Human Rights Watch a rencontré des fonctionnaires du gouvernement de transition libyen immédiatement après les meurtres pour les informer de ses découvertes ; l’organisation a également rencontré et écrit à maintes reprises à des fonctionnaires libyens pour leur demander instamment de mener une enquête complète sur ces crimes et d’identifier les responsables. Bien que, dans un premier temps, les hauts fonctionnaires libyens se soient engagés à enquêter sur ces événements, Human Rights Watch ne relève aucun élément indiquant qu’une enquête effective est en cours ou a été réalisée.

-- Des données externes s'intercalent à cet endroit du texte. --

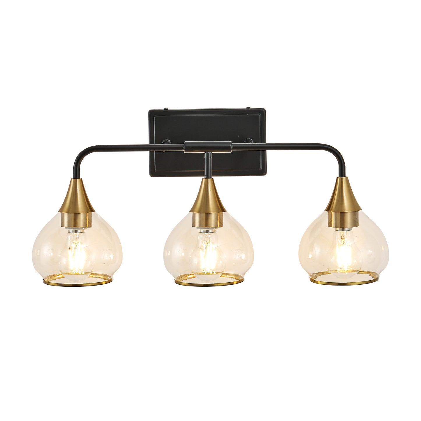 23' Modern 3-Light Vanity Wall Sconce - Black and Gold Bathroom Light Fixture with Clear Glass Shade
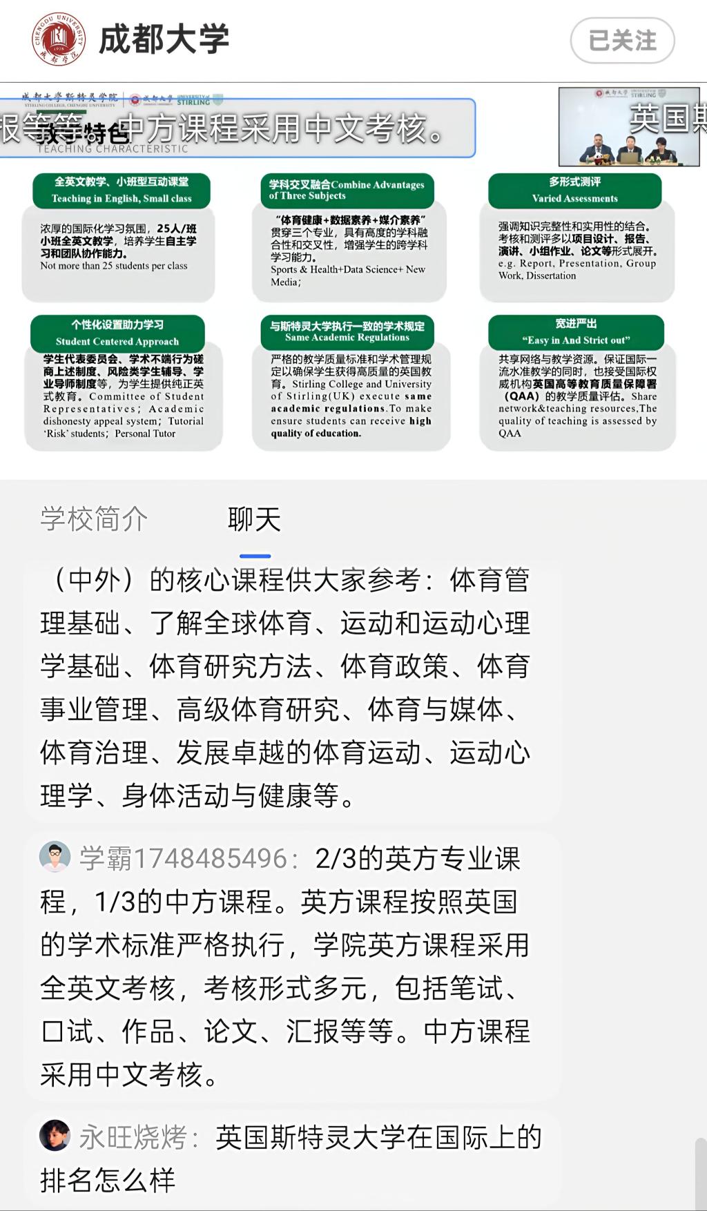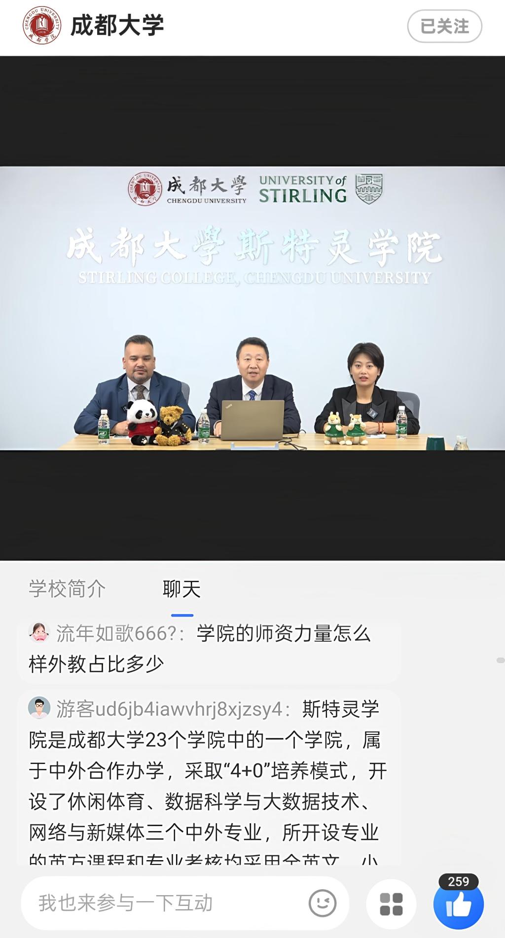 于曦院长通过高招云平台向广大考生及家长系统阐释了成都大学办学优势,以图文并茂的形式全方位展示了斯特灵学院的办学定位、学制特色、毕业去向、人才培养目标、专业优势、录取原则、招生情况和学院环境等。英方执行院长Waseem Ahmed Abbasi和朱梦婕老师重点分享了国际师资队伍建设成果,深度阐述了创新教学体系、国际化办学战略布局、以学生为中心的服务理念及跨文化管理体系。

Le Conseil de sécurité des Nations Unies a donné compétence à la Cour pénale internationale pour enquêter sur les crimes de guerre commis par toutes les parties en Libye après le 15 février 2011 et poursuivre en justice les responsables au cas où les autorités libyennes ne pourraient ou ne voudraient pas effectuer ces démarches.

« L’un des principaux défis de la Libye est de parvenir à contrôler des milices bien armées et à mettre un terme à leurs exactions », a ajouté Peter Bouckaert. « Il serait utile dans un premier temps d’enquêter sur les exécutions en masse du 20 octobre 2011, les exactions les plus graves perpétrées par les forces de l’opposition qui aient été documentées à ce jour. »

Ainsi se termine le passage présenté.